When will the towage become salvage?
A criterion for whether a towing vessel has become a salving vessel is “ have there been supervening circumstances which would justifying her in abandoning her contract?”—not the tow, but abandoning the contract to tow. It must be ascertained as to whether the services that were to be rendered eventually by the tug such as to have been beyond the reasonable contemplation of the parties when they originally negotiated the towage contract. It is beyond doubt that towage and salvage services cannot be performed concurrently. One must finish before the other starts. Definite guidelines have been established in the courts(1928 The Homewood case) to determine where the towage stops and salvage starts.
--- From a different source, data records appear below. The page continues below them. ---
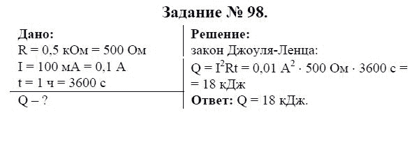 Решения домашних заданий по физике 9 класс Громов С.В., Родина Н.А. 98 упражнение
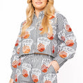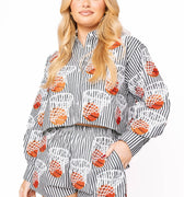 Shoot hoops in style with this playful black and white striped button-up top featuring an all-over basketball and hoop design. Perfect for court-side vibes or casual game day looks, this piece brings sporty fun to your wardrobe. Mix and match with our coordinating shorts to complete the full ensemble and show off your love for the game!
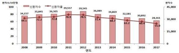 환자 수는 2011년 3만9557명을 기록한 이후 6년 연속 감소했다. 특히 20대 환자가 20% 줄었다.
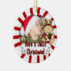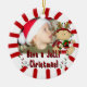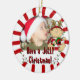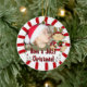A candy cane striped round porcelain ornament with a baby wearing reindeer antlers and holiday lights and text that reads "Have a Jolly Christmas!" that you can easily customise before ordering with a photo and other text.
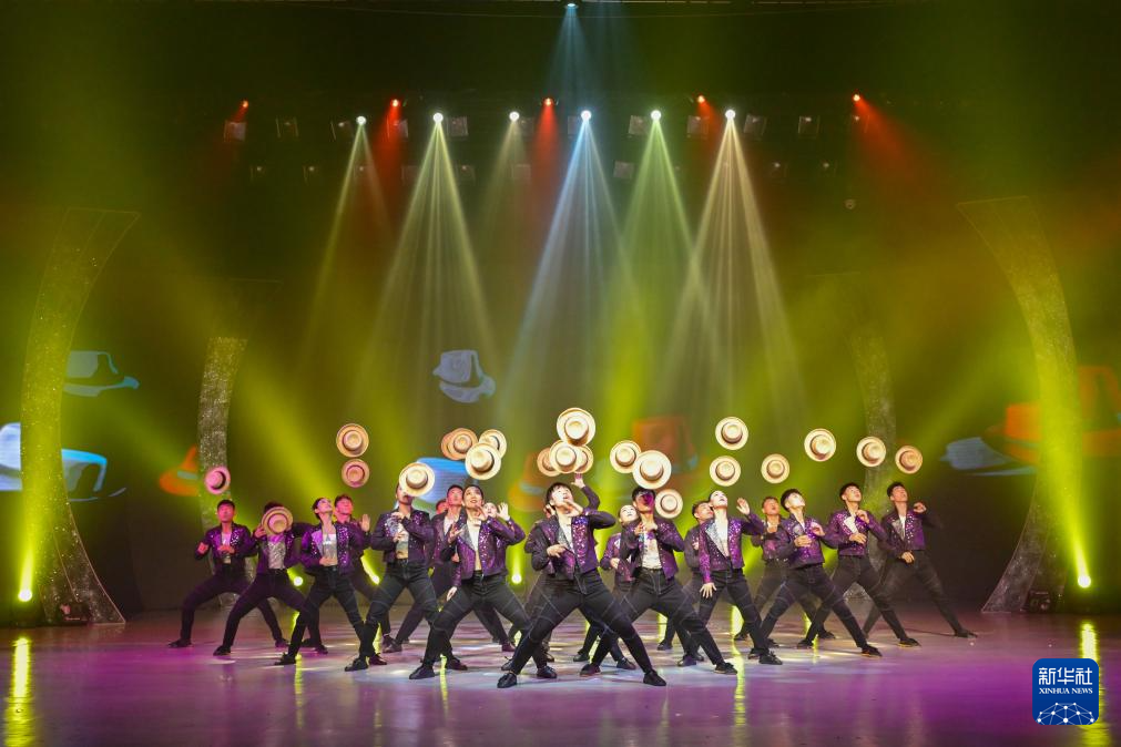 9月25日,山東省雜技團演員(yuan)在開幕式(shi)上表演雜技《草帽》。
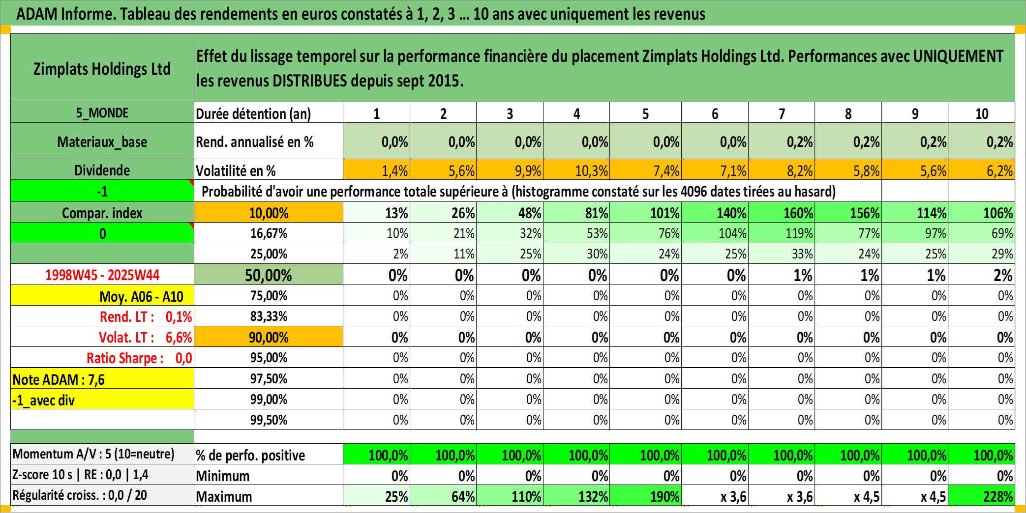 Site dédié aux investisseursPage dédiée sur site financeAnalyse des valorisations hebdomadaires de l'action Zimplats Holdings Ltd. Cet actif est cote en AUD. Les valorisations sont en contrevaleur EURO et couvrent les semaines 1998W45 a 2025W44. Les revenus de cet actif financier sont pris en compte depuis la semaine 2015W37. La note ESG de cet actif n'est pas connue.

For the tug owner to consider rightly that he had taken on the role of salvor it is essential that: a)the services he performed were of such an extraordinary nature that they could not have been with in the reasonable contemplation of the parties to the original towage contract b)the services in fact performed and the risks in fact would not have been reasonably remunerated if the contractual remuneration only was paid. In short , mere difficulty in the performance of the towage does not automatically ‘convert’ the towage into salvage.
The burden of proof is heavy and lies upon the tug owner claiming the salvage reward. He must show that the nature of the service changed from towage to salvage through no fault or want of skill on his part and simply and solely by accident or fortuitous circumstances over which he had no control.